4 Aralık 2013 Çarşamba

artık...



Kavanozu açtı, zeytinyağının içinde bekleyen kuru domateslerden aldı, kıyıp bir dilim tost ekmeğinin üzerine yaydı, diğer kavanozdan aldığı közlenmiş isot biberleri de,  biraz kaşar, sucuk. Tostunu yaptı, yanına da demli bir çay doldurdu. Akşam öğünüydü bu. Yalnızlığı seçtiğinden beri yemek ve ev işlerini de unutmuştu. Mümkün mertebe kolay yollu hallediyordu bu meseleleri. Yalnızlığı seçtiğinden beri tek bir yaprak dahi sarmamıştı, ne kek, ne kurabiye pişirmişti. Envai çeşit alet edevatı vardı oysa bir vakitler mutfağında.

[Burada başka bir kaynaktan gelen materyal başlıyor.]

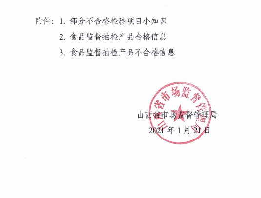山西省市场监督管理局 2021年第3期食品安全监督抽检信息通告

Kediyi ve şiir kitaplarını almıştı yalnızca evden. Her şeyi bırakıp çıkmıştı.  Tıka basa dolu iki valizi almadığına şaşırmıştı adam.  Neler yoktu ki o valizlerde: saç teli, içilmiş sigara, fotoğraflar, notlar yazılmış küçük kağıtlar, tavşan niyetleri, toka, anahtarlık, hatta kürdan, çorap, gazeteden kesilmiş kağıt parçaları, kırık tek küpe, peçete ve başka bir dolu anı parçası... Sorsanız tek tek her birinin hikayesini anlatabilirdi bir çırpıda.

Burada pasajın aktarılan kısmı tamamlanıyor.